I’m sure that the original intention of the push for the Metro UI was to promote people to get touch screens for their PCs. However the problem is that touch screens are still relatively expensive. Granted, my touchscreen at home was pretty cheap for around $300.00 USD after a Groupon for a refurbished Acer DA220HQL Android ‘Smart Monitor’. But thats the cheapest decent sized touch screen I’ve seen.
The reality for most people is that Windows is pretty good.
I often watch my own behavior. I still use Firefox.
Many people have moved onto chrome. But I stick with firefox. It’s not out of some odd form of loyalty. It’s really a few things
1. My data is on there with sync
2. I like LiveBookmarks (RSS feeds as bookmarks)
3. Bookmark toolbar
4. My current stack of addons/plugins/settings
5. My firefox knowledge base of tricks and settings…
Now, even if another browser implemented all these. Or even if they met one of my needs ‘better’, I’ll still stick with firefox because it is good enough. A browser would have to vastly exceed what firefox is doing for me to switch to it.
The same is true of Windows. Every version of windows has issues and things I have problems with. Yet, none have made me change. Heck, for all the issues with Windows 8, it was nothing start8 and some reg fixes wouldn’t solve. Heck, I had to do a fair bit to get my wireless working. For some reason the wrong driver gets installed, so only wirelessG works. And I had to work around some legacy VPN softrware.

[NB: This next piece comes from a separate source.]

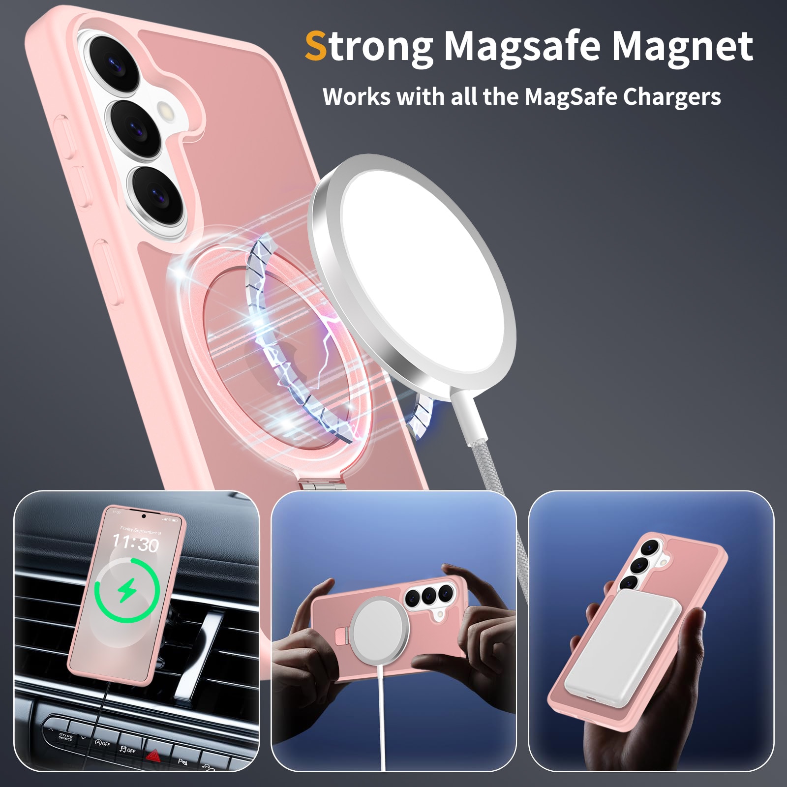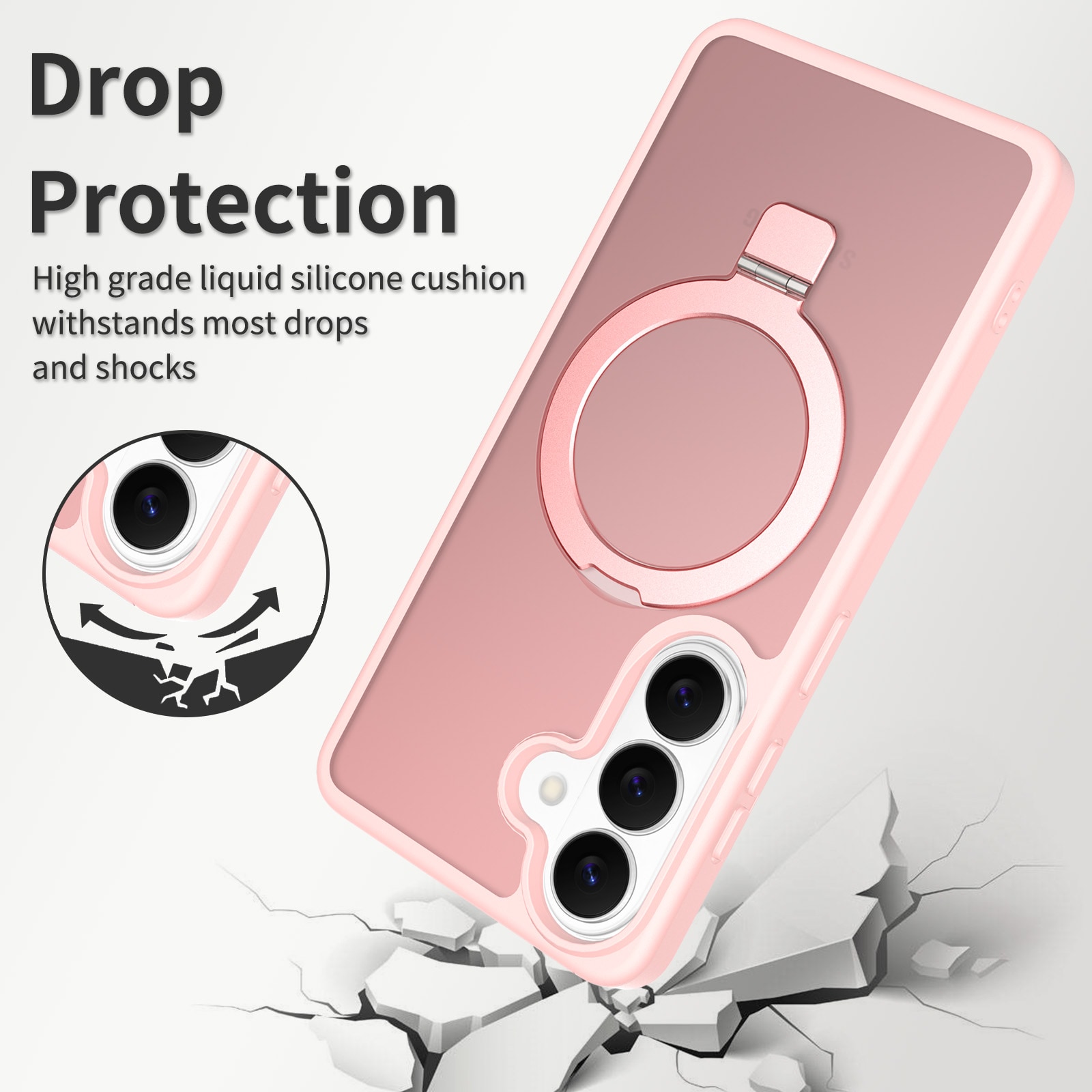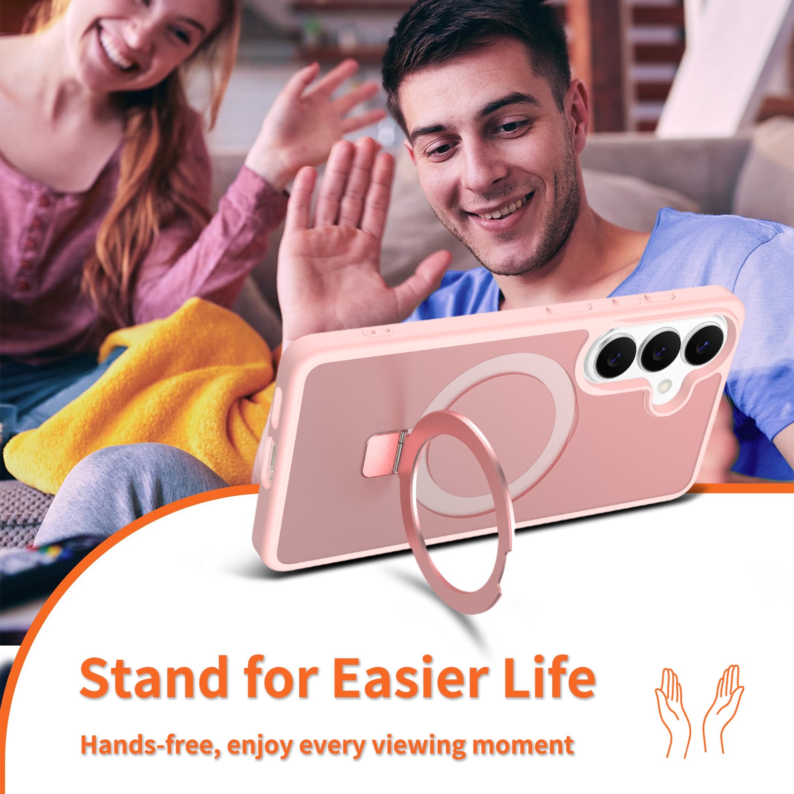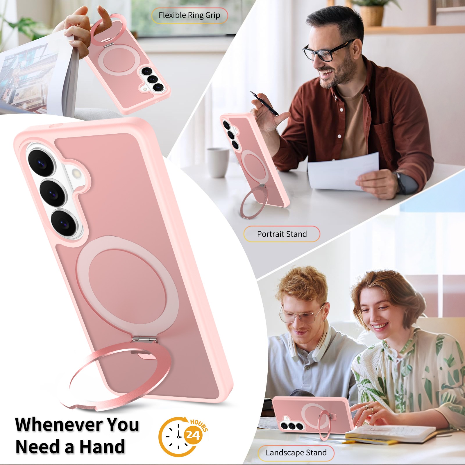 Mobilskal med utfällbar magnetisk ring till Samsung Galaxy S26. För bästa skydd mot stötar och fall är skalet tvådelat med en TPU-kärna och ett hölje i hårdplast. Ringen på baksidan är magnetisk och kan användas tllsammans med MagSafe-kompatibla tillbehör såsom laddare och korthållare. Ringen kan även bilda ett ställ för att se på film, klipp eller för att spela.

I know that if I switched full time to Ubunutu or OSX, I’d probably spend just as much time learning, fixing things I don’t like, finding alternatives…
And in the end, Windows works for me. I can run eclipse, dev env, office, games, web browser, all my random apps… and fireup an ubuntu vm if I feel like it.

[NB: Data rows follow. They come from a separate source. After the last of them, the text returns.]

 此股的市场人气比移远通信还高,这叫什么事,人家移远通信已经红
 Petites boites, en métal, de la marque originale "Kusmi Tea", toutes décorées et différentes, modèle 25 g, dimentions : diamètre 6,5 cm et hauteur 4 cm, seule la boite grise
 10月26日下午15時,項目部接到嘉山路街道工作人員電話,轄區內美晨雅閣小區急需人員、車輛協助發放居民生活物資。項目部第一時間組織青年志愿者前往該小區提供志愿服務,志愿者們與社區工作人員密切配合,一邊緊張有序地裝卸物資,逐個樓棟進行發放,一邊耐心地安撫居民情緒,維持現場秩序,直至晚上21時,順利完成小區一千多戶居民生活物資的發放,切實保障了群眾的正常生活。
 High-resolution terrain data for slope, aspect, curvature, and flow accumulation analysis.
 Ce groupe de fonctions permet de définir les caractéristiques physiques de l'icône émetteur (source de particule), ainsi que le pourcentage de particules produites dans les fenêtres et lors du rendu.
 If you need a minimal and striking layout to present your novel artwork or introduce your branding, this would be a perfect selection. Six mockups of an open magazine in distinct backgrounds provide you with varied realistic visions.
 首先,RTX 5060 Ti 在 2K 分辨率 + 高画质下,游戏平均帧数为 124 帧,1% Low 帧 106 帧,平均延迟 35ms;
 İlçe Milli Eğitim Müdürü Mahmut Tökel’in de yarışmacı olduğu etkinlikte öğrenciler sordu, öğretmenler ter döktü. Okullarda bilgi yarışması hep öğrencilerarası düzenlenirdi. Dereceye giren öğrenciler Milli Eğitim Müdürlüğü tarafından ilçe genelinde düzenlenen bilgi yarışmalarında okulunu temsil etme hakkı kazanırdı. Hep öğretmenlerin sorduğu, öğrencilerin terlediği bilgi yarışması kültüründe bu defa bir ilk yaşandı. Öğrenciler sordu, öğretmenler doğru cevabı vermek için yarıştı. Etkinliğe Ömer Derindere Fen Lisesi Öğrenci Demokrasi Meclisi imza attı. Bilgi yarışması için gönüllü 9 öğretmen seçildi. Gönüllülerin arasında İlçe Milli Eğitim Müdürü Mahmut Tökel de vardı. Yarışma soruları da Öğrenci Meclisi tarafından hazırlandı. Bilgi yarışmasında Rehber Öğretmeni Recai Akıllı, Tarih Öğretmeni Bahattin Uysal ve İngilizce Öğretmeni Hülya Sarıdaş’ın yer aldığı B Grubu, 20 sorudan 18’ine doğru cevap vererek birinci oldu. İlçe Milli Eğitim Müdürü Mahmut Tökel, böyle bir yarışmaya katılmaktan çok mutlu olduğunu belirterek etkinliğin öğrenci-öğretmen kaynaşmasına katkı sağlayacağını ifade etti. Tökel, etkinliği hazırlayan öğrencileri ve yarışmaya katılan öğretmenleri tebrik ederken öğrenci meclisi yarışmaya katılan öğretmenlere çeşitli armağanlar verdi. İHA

And hey, now it looks like they’re going to fix the windows8 desktop experience, so I don’t need to install start8. All the better.
Sure, it costs me money, probably $25/year amortized. But that’s pretty cheap considering I waste money on coffee or random snacks or watching movies…
Edited 2014-07-02 16:18 UTC
I could see this coming a mile away. The metro interface just makes no sense for very large screens.